Solitary wave billiards

TL;DR

This paper investigates the dynamics of solitary wave billiards, revealing that solitary waves generally exhibit chaotic trajectories even in geometries where classical particles follow predictable paths, influenced by wave deformation and boundary interactions.

Contribution

It introduces the concept of solitary wave billiards and demonstrates their predominantly chaotic behavior, contrasting with classical particle billiards, and analyzes the effects of wave deformation and boundary scattering.

Findings

Solitary wave billiards are generally chaotic.

Chaoticity depends on wave speed and potential properties.

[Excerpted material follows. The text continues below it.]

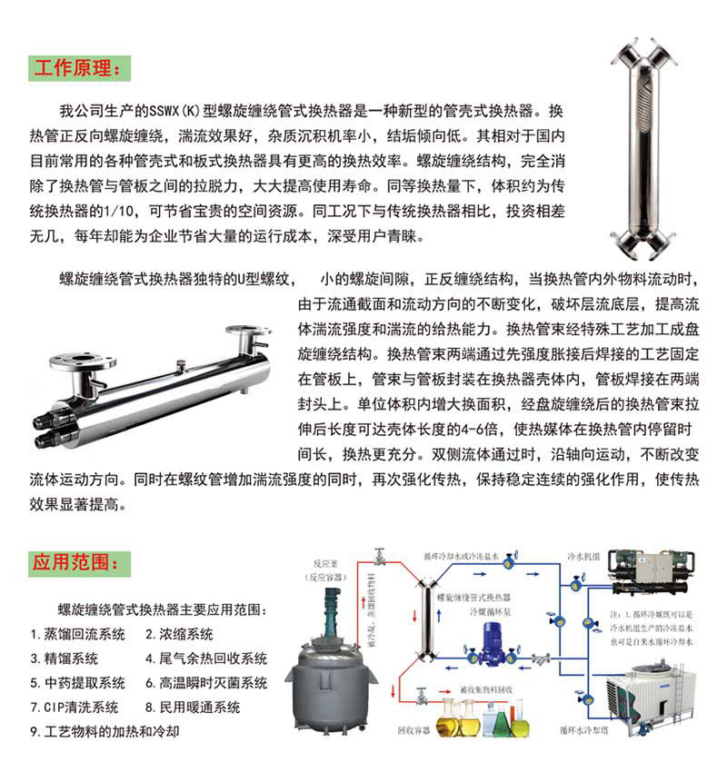 螺旋纏繞管式換熱器是我公司在引進先進換熱技術的基礎上,與山東建筑大學聯(lián)合研制開發(fā)的新型換熱設備。是新一代換熱產品中的代表作品,主要適用于汽-液換熱工況,與其他形式的換熱器相比,換熱系數(shù)提高1-3倍,廣泛應用于制藥、精細化工、食品飲料、石油化工、熱電聯(lián)產、洗浴、區(qū)域供熱等場合。
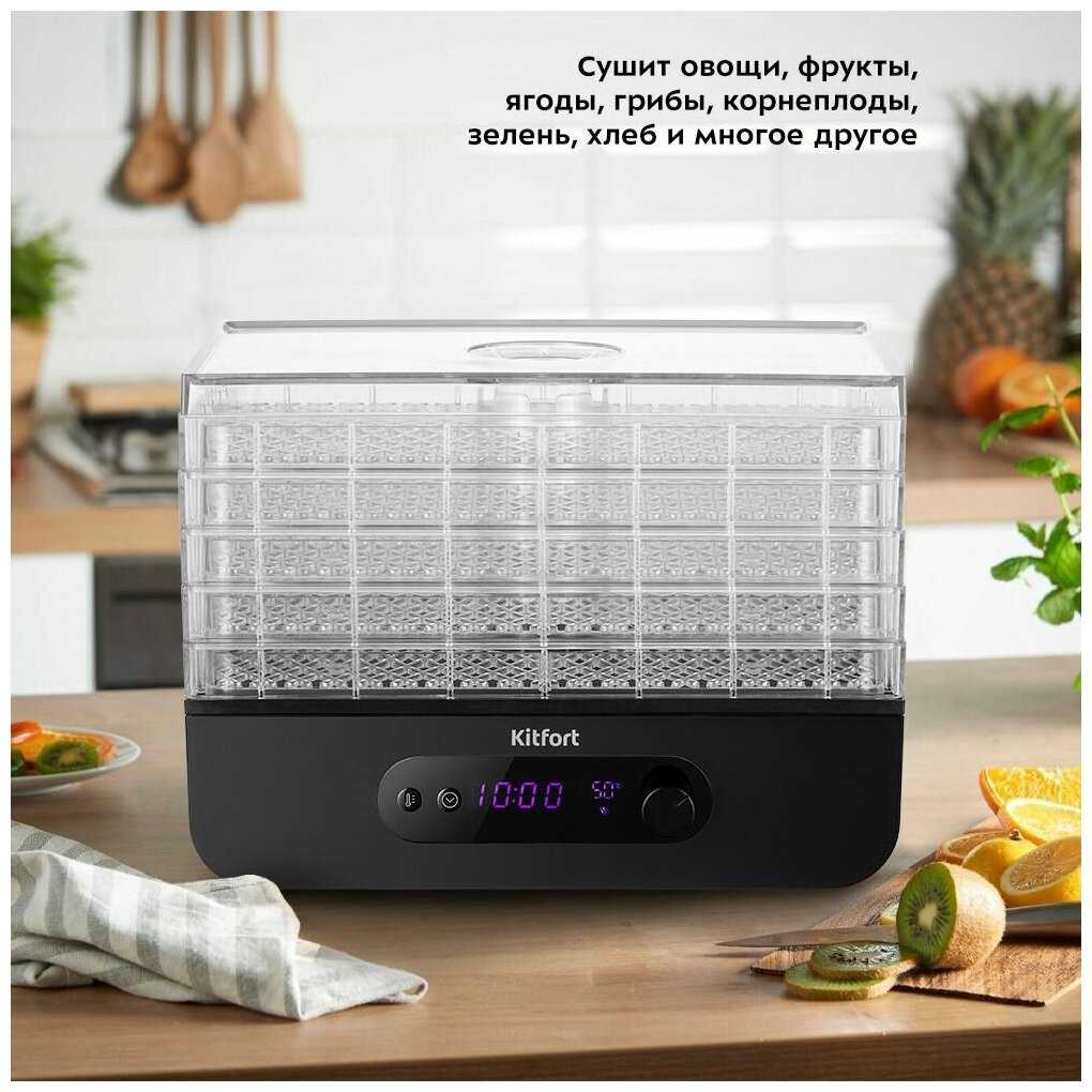 Рассчитана на умеренные объёмы: для заготовки 1 кг сушёных яблок потребуется 5-6 циклов. Оптимальна для экспериментальных партий (цукаты из дыни, вяленые томаты) или регулярного приготовления полезных снеков (фруктовые чипсы, мясные джерки). -

Negative Goos-H"anchen effect influences wave scattering and domain size.

Abstract

In the present work we explore the concept of solitary wave billiards. I.e., instead of a point particle, we examine a solitary wave in an enclosed region and explore its collision with the boundaries and the resulting trajectories in cases which for particle billiards are known to be integrable and for cases that are known to be chaotic. A principal conclusion is that solitary wave billiards are generically found to be chaotic even in cases where the classical particle billiards are integrable. However, the degree of resulting chaoticity depends on the particle speed and on the properties of the potential. Furthermore, the nature of the scattering of the deformable solitary wave particle is elucidated on the basis of a negative Goos-H\"anchen effect which, in addition to a trajectory shift, also results in an effective shrinkage of the billiard domain.